Lady Bird Johnson, former President Harry Truman, and Bess Truman look on as President Lyndon Johnson signs Medicare into law.
PHOTOGRAPH BY FRANCIS MILLER/THE LIFE PICTURE COLLECTION/GETTY


Fifty years ago, Congress created Medicare and Medicaid and remade American health care. The number of elderly citizens lacking access to hospitals and doctors plummeted. Hospitals, physicians, and state and local governments came to depend on this federal funding. We have a tendency to forget the history of laws that extended the obligations and commitments of the federal government. But the passage of Medicare and Medicaid, which shattered the barriers that had separated the federal government and the health-care system, was no less contentious than the recent debates about the Affordable Care Act.
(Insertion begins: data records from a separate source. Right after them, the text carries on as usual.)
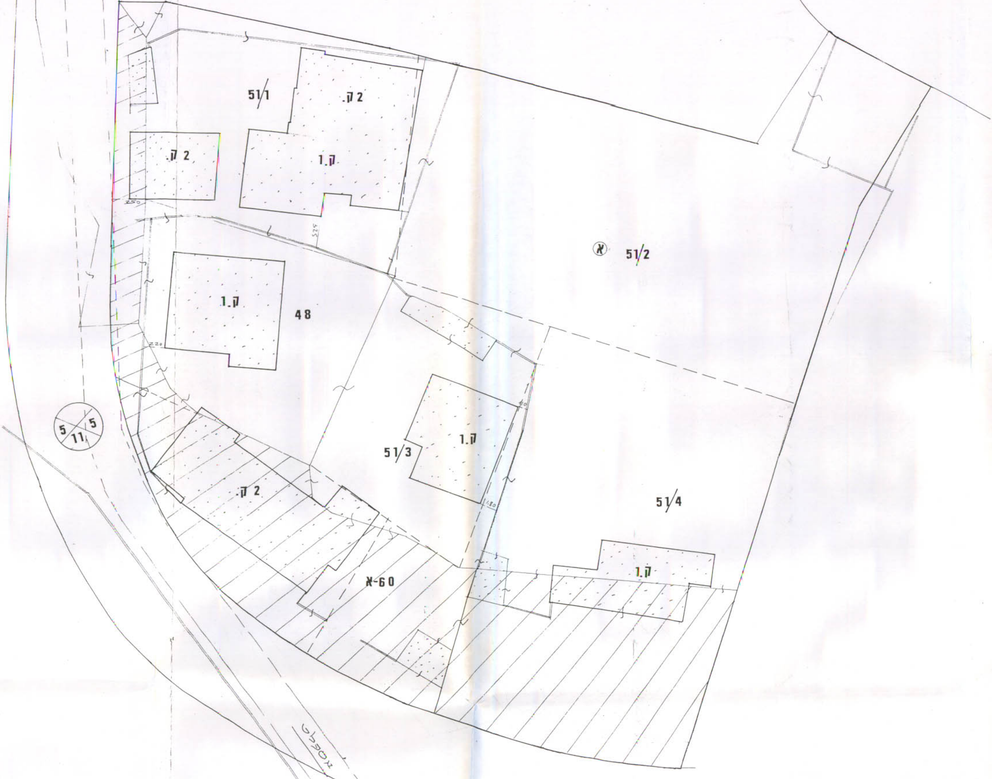
טבלת שטחים, מצב חדש
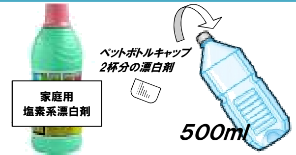
家庭用 塩素系漂白剤

おう吐物で汚れた床、衣類、おう吐物のふきとりに使ったぞうきんなどを、簡単な水洗いだけですませてはいけません。ウイルスが死滅せずに残っているため、乾燥後に空気中に飛び散り、この粒子を吸い込むことで感染する場合があります。
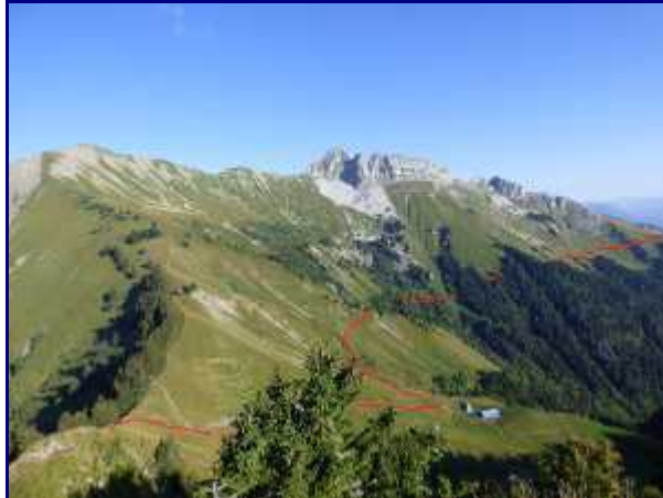
Pointes de Chaurionde et de la Sambuy. Sur la gauche, le col de Drison puis le chalet. Tout à droite, le chalet de la Bouchasse.
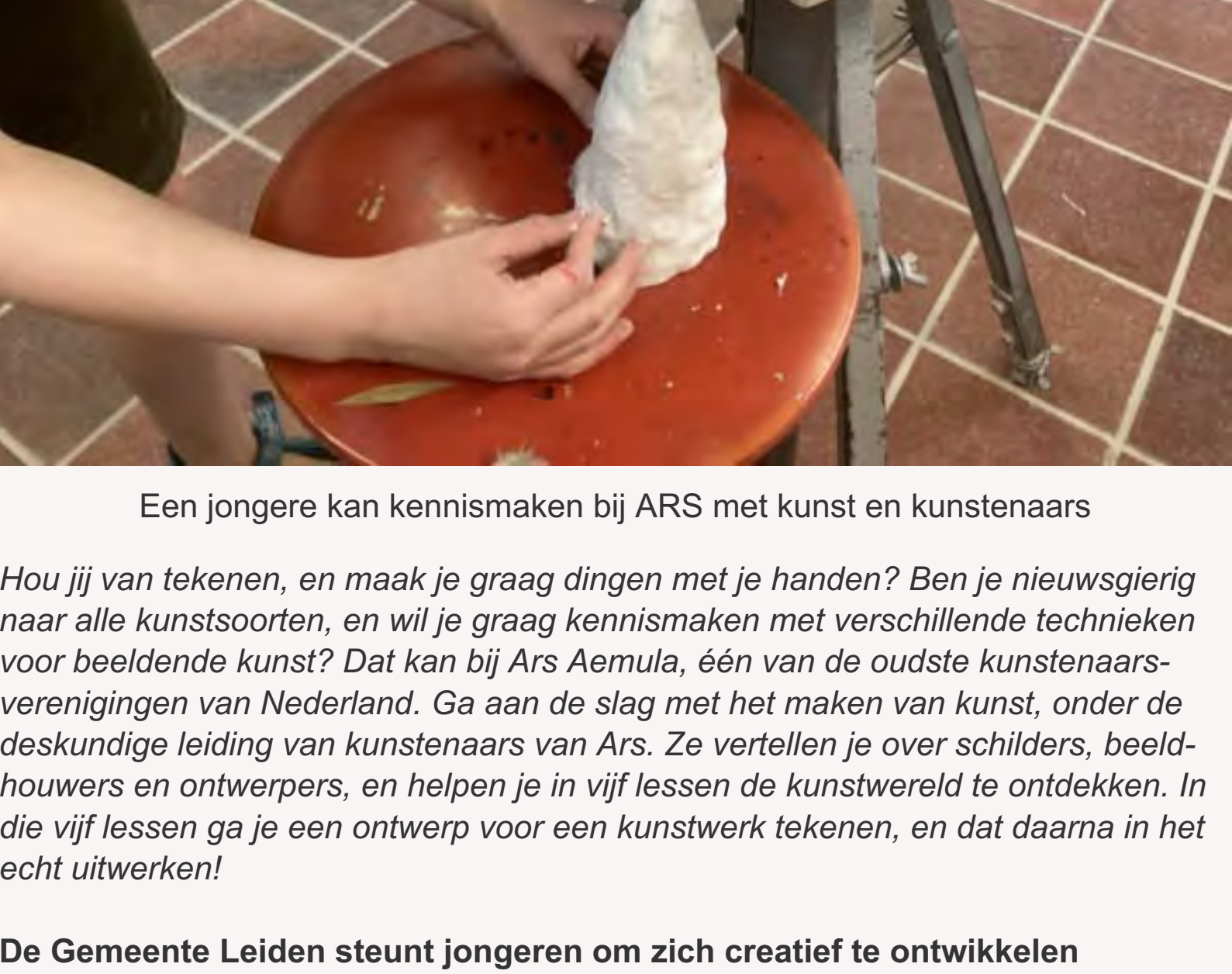
Een jongere kan kennismaken bij ARS met kunstenaars

Met de focus op kunst, creatieve ideeën en maakbare plannen kun je bij ARS met professionele kunstenaars aan het werk. We onderscheiden basisschool-groepen en VO-groepen. Daarnaast hebben we een Talentenklas. De Young stARS doen ook weer een duit in het zakje.
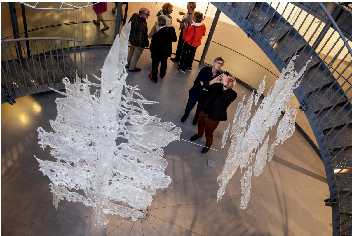
SE GLASS, Glazenhuis, Belgien 2019
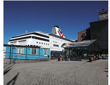
Pasažieru osta Frihamnen.
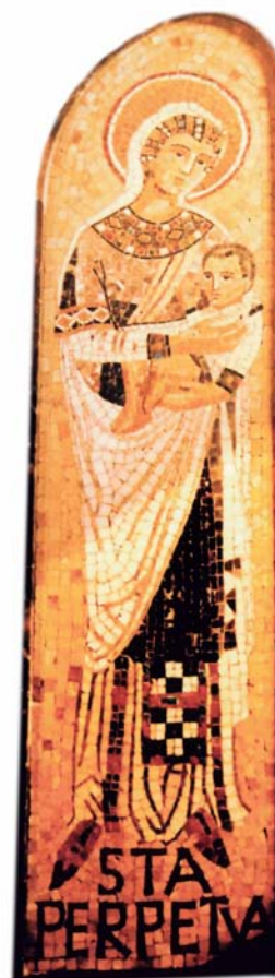
Monastère de Montserrat (Catalogne Espagne)

Perpétue converse spontanément en grec, qui paraît être sa langue maternelle. Elle a fait un beau mariage, ce qui lui vaut le rang patricien de matrone, reconnaissable au port de la stola , robe généralement bordée d'une bande brodée. Sa beauté délicate réussira à émouvoir la foule et, dans l'arène, elle a le réflexe d'une femme élégante, en songeant avant tout à rattacher sa chevelure. Son mari ne peut être qu'un haut personnage ; est-il africain de naissance ou est-ce un magistrat romain ? Les hypothèses ne manquent pas pour expliquer une absence étonnante. Il y a effectivement à Rome une famille patricienne connue, les Vibii. Un haut rang pourrait expliquer
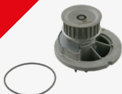
febi 24314 pour les moteurs 1,4 l et 1,6 l 16V

Dans tous les cas, il faut toujours remplacer la pompe à eau!
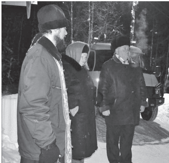
Верующие пришли к источнику в полночь
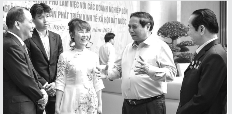
● Thủ tướng Phạm Minh Chính trao đổi với đại diện các doanh nghiệp.
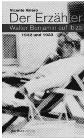
s. Seite 13
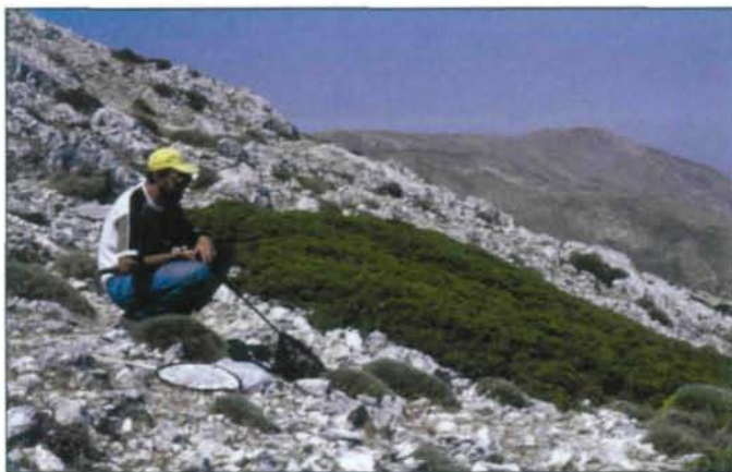
Abb. 4: Biotop von S. aistleitneri , 9.7.2000, Sierra Arana, 2000 m.

her) am 9.7. war eher ein Albtraum, 15 km über erbärmliche Straßen, einmal sind wir aufgesessen. Als wir am Ziel angekommen waren, stellten wir fest, dass mittlerweile von Süden her eine hervorragend befahrbare Straße auf die Arana gebaut worden war, die in unserer Karte aber noch nicht eingezeichnet war. Wir waren aber trotzdem froh, nicht mehr denselben Weg zurückfahren zu müssen. Nach Überwindung der letzten 300 Höhenmeter zu Fuß fanden wir insbesondere im unmittelbaren Gipfelbereich eine relativ starke Population von Erodium petraeum vor (Abb. 5). Der Pheromonfang im Bereich des Gipfelplateaus – abseits des unmittelbaren Gipfelbereichs (Abb. 4) – erbrachte (wiederum am BASF-Pheromon) 30♂ von S. aistleitneri , 2 davon frisch (Abb. 3). Die Suche nach Fraßspuren in den Wurzelstöcken von Erodium und 2 Helianthemum -Arten blieb aber wieder erfolglos. Armeria sahen wir auf der Sierra Arana nicht.
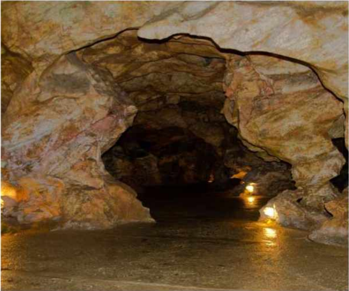
"Shpella e Gadimes" - Lipjan
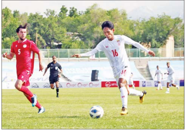
မြန်မာနှင့် တာဂျစ်ကစွတန်အသင်း ယှဉ်ပြိုင်ကစားနေစဉ်။
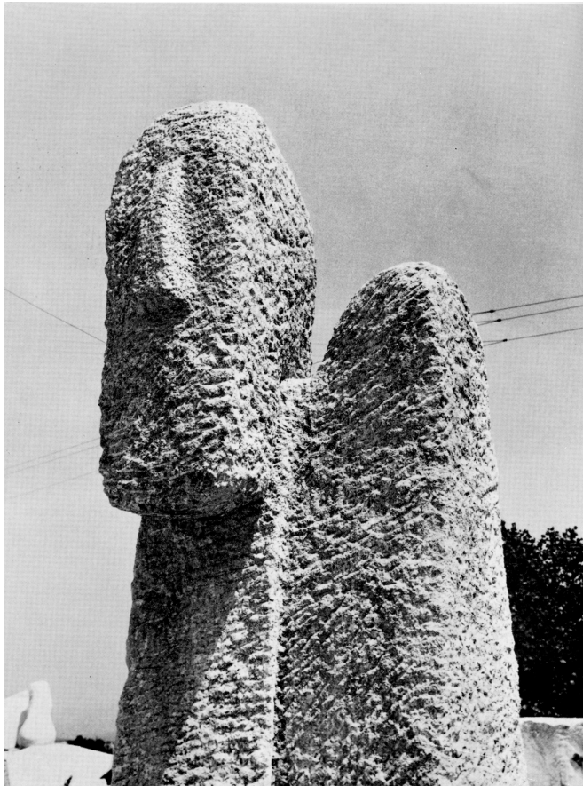
Figura 1973 pietra di Vicenza h. cm. 240
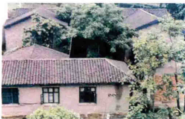
1941年，国民政府在重庆沙坪坝高家花园6号（现饮水村104号沙坪坝区气象局院内）正式成立中央气象局
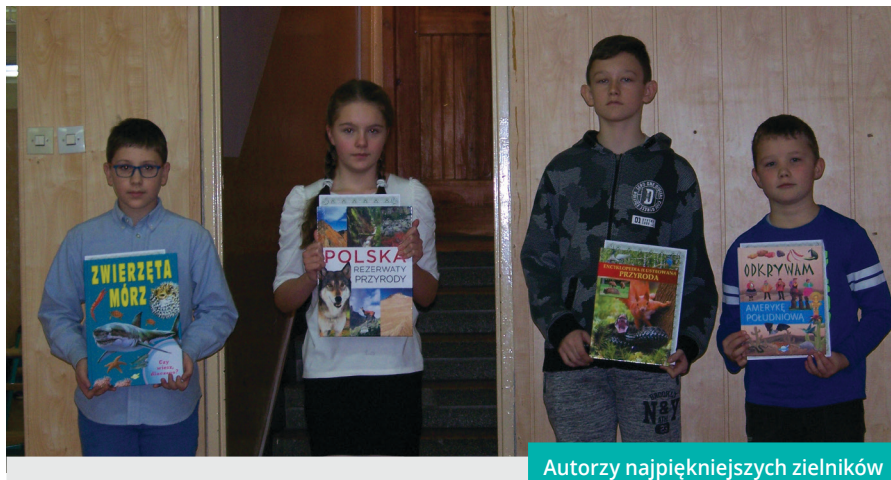
Autorzy najpiękniejszych zielników
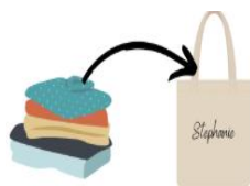
un change complet dans un sac en tissu
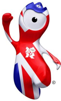
英国旗 ユニオンジャック

このオリンピックを盛り上げていたマスコットキャラクター「ウェンロック」と「マンデビル」をご存知ですか？「ウェンロック」は、近代オリンピックの概念が生まれたシュロップシャー州の街「マッチ・ウェンロック」から名づけられ、「マンデビル」はパラリンピック発祥の地イングランド南部の「ストーク・マンデビル」に由来。両キャラクター共、顔にはカメラのレンズに見立てた大きな目が1つあり、この一つ目の奇妙なマスコットキャラクターの衣装を替え、見た目を色々と変えて、五輪の余韻を楽しんでみた。まずは開催国英国に敬意を表して・・・
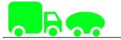
LES FLOTTES DE VEHICULES DES ENTREPRISES
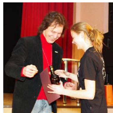
Eelmise aasta lemmikžüriiliige

Ma kuulsin jah enne, et ma pidin olema kõige rohkem kordi valitud. See on väga tore. Iseenesest ma olen endale lubanud seda, et ma ei ole alati olnud kõige viisakam tagasisidet andes. Ma olen olnud aus: olen mõelnud, et vahel liigagi aus. Kindlasti olen kogemata kellelegi haiget teinud. Aga ilmselt siis mingil määral eelistataksegi või oodatakse, et sa peegeldad sõnadega karmilt seda, mida näinud oled.
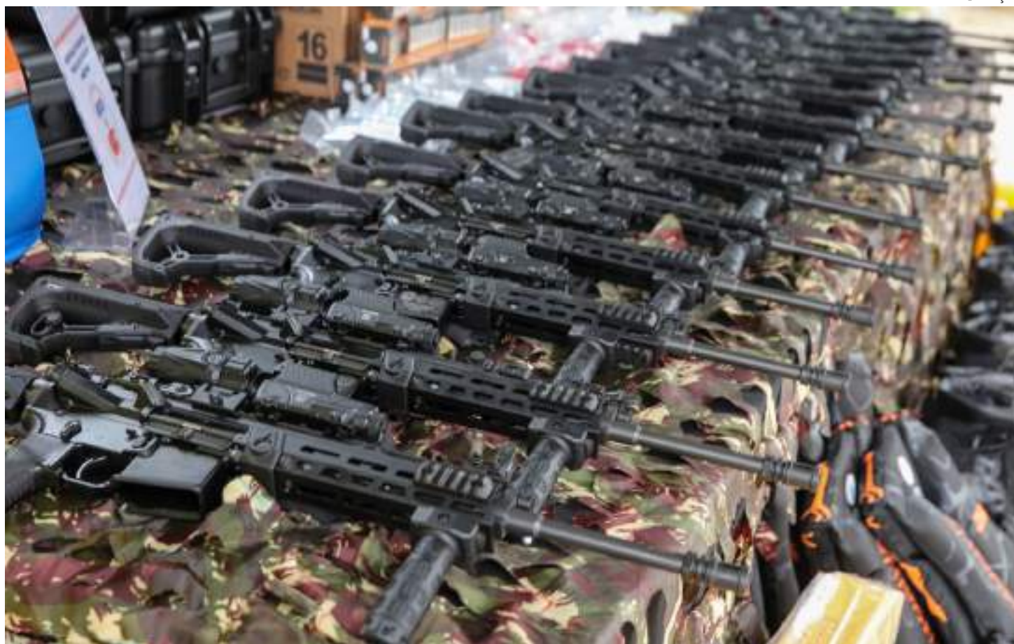
Polícias Civil, Militar, CBMAM e a SSP-AM receberam novos armamentos, munições letais e não letais

Todo o material foi adquirido pela SSP-AM por meio de recursos próprios, doações e convênios com o Governo Federal. Ao falar à tropa e demais autoridades presentes, o vice-governador destacou que os investimentos resultam do esforço da gestão Wilson Lima em melhorar as condições de trabalho das forças de segurança, refle-
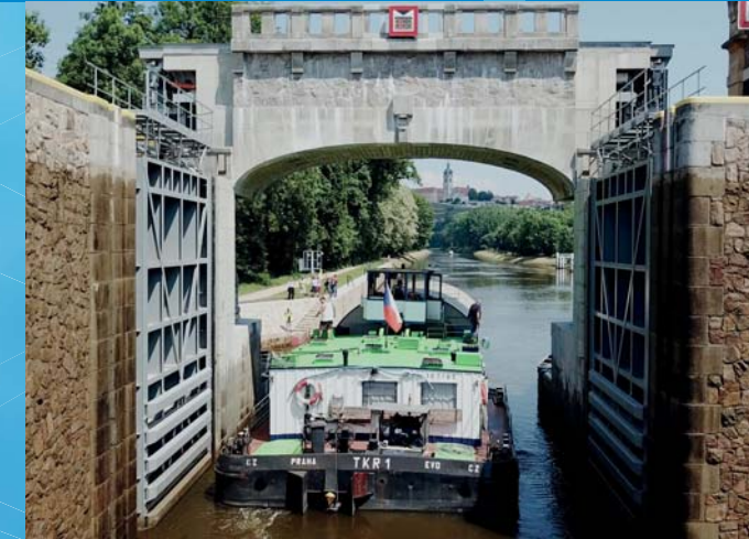
Plavební komora Hořín
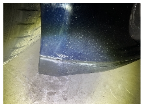
36. Støtfanger foran
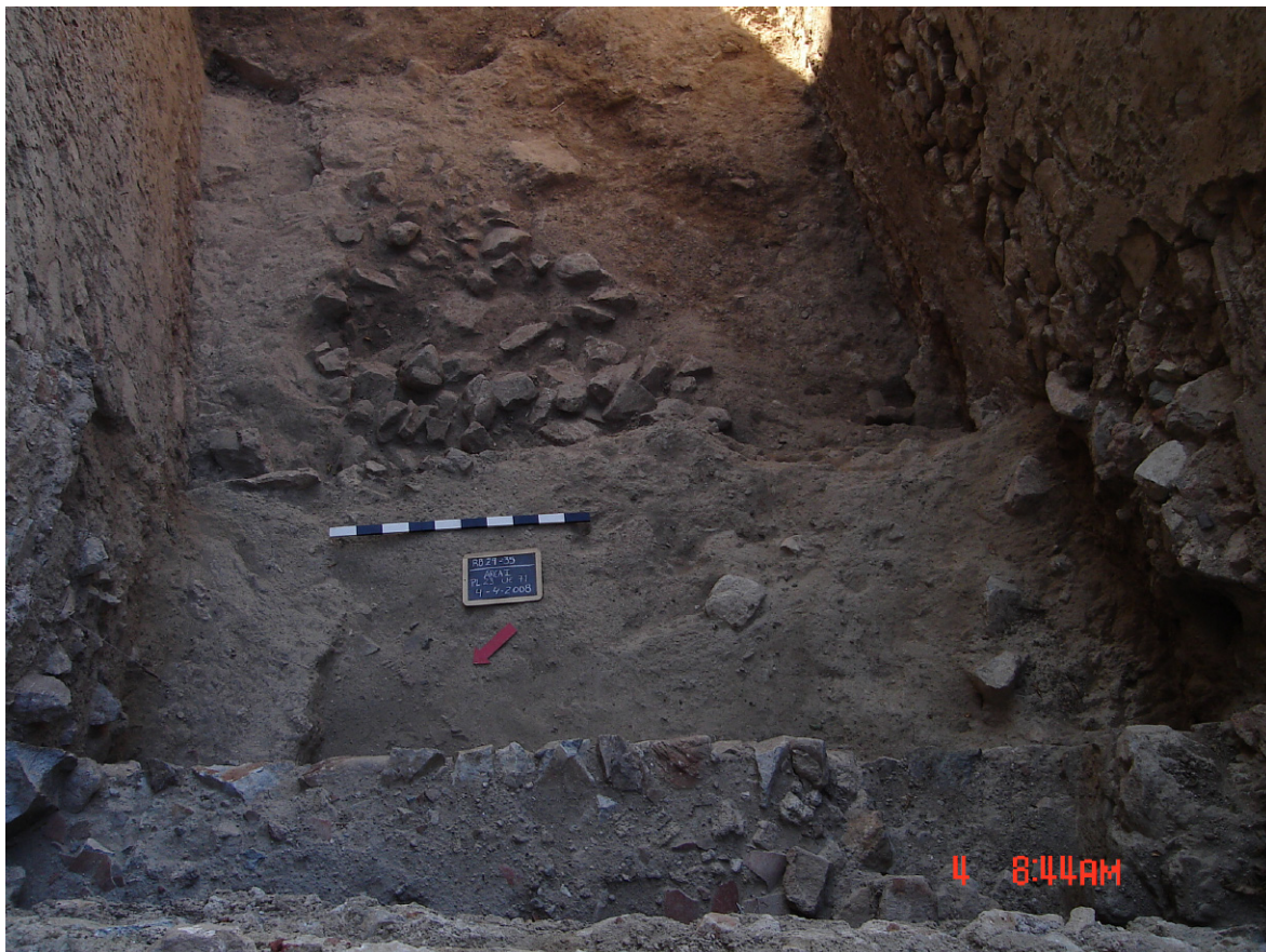
Figura 9: Área I. Muralha de taipa (U.E. [71]).
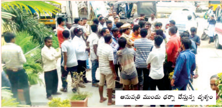
ఆసుపత్రి ముందు ధర్మా చేస్తున్న దృశ్యం

తెలిపారు. దీనికి ఆసుపత్రి వర్గాలు అంగీకరించకపోవడంతో వివాదం చెలరేగింది. క్షతగాత్రుని బంధువులు, వైకాపా పార్టీ, ప్రజాసంఘాలు ఆసుపత్రి ముందు ధర్మాకు దిగాయి. ఎలమంచిలి, అనకాపల్లి ప్రాంతాల నుంచి క్షతగాత్రుని బంధువులు, వివిధ రాజకీయపార్టీలు, ప్రజాసంఘాలు రంగప్రవేశం చేయడంతో ఆసుపత్రి వద్ద ఉద్రిక్త పరిస్థితులు నెలకొన్నాయి. క్షతగాత్రుడు ఆసుపత్రిలో చేరిన దగ్గర నుంచి ఇంజనీరింగ్ యూనిట్లో ఉన్నాడని కనీసం చూడనివ్వలేదని కుటుంబీకులు ఆరోపణలు చేయడంతో అసలు క్షతగాత్రుడు బ్రతకే ఉన్నాడా? లేక తాకూర్ సిసీమా సన్నివేశాలు ఇక్కడ జరుగుతున్నాయా? అనే సందేహాలు అంతటా నెలకొన్నాయి. పరిస్థితి ఉద్రిక్తంగా మారడంతో పోలీసులు రంగప్రవేశం చేసి ఇరు వర్గాలకు స్థిరచెప్పారు. అలాగే గతంలో ఇలాగే మునగపాక మండలం, తోటాడ గ్రామానికి చెందిన ఇద్దరు యువకులు ప్రమాదంలో తీవ్రంగా గాయపడడంతో ఇదే ఆసుపత్రిలో చేర్చారు. ఇంచుమించుగా ఇవే సన్నివేశాలు చోటుచేసుకోవడంతో మొత్తం ఆ గ్రామం అంతా తరలివచ్చి ఆసుపత్రి ముందు ధర్మాకు దిగింది. ఇటువంటి సన్నివేశాలు తరచూ ఇక్కడ జరుగుతున్నా ఉంటాయి.
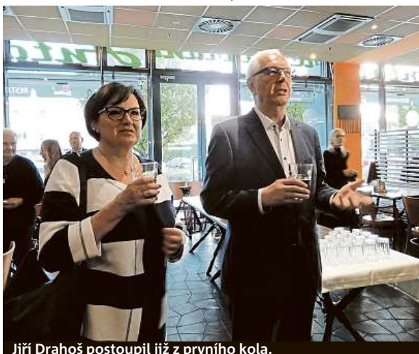
Jiří Drahoš postoupil již z prvního kola.

Jiří Drahoš pozval úzký tým spolupracovníků do restaurace kousek od stanice metra Budějovická. Jako
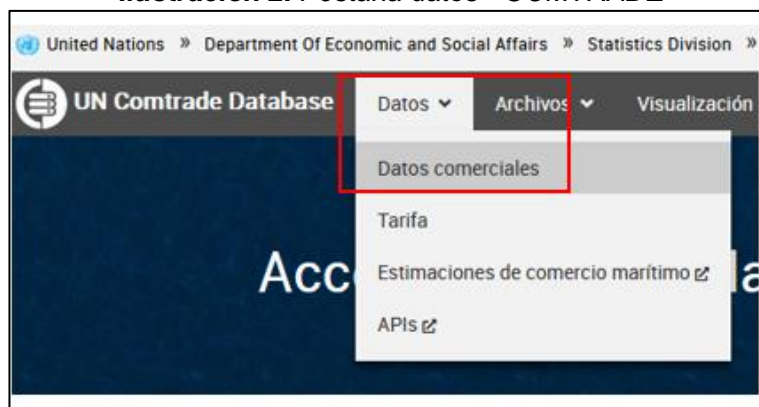
Ilustración 2. Pestaña datos - COMTRADE
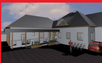
Pfarrhofumbau, S. 8
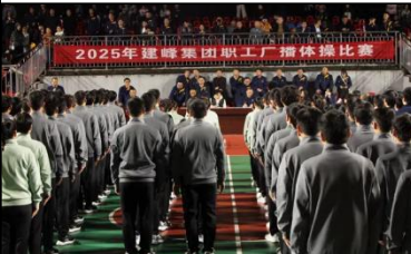
建峰集团职工广播体操比赛
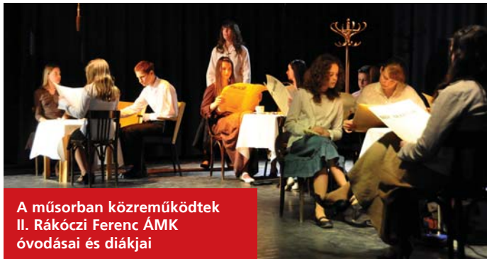
A műsorban közreműködtek II. Rákóczi Ferenc ÁMK óvodásai és diákjai

When Medicare was first proposed, in the late nineteen-fifties, national health insurance had been a losing cause for decades. In the thirties, Franklin Delano Roosevelt had chosen not to add health care to his Social Security proposal because he believed that it would be too controversial, and would damage the prospects of other programs. Whereas most Western democracies had adopted some form of national health-care program, the United States relied on a private system that revolved, as the sociologist Paul Starr has recounted, around a sacred understanding of the doctor-patient relationship. When liberals talked about giving the government a bigger role in health care, stakeholders in the existing system always fought back, protecting their authority and autonomy by warning that Washington would sever the ties between doctors and their patients. It was one thing to distribute old-age pensions but quite another to allow the government to intrude into intimate medical affairs. When one senator suggested in 1937 that President Franklin Delano Roosevelt was prepared to expand the government’s role in medicine if doctors did not do more to help the needy, Time magazine asked in its June cover story, “Nationalized Doctors?”
When President Harry Truman proposed national health insurance for every American in 1945, and again in 1949, as part of his effort to move forward with domestic policies that had been left out of the New Deal, he and allied liberals came to see why F.D.R. had avoided the issue of health care back in the nineteen-thirties. The American Medical Association conducted the most expensive lobbying effort to that date in opposition to Truman’s health-care plan, which it branded as “un-American” and “socialized medicine.” Charging that the Truman Administration consisted of “followers of the Moscow party line,” the A.M.A. worked closely with the conservative coalition in Congress to kill the measure in committee. By 1950, the proposal was dead.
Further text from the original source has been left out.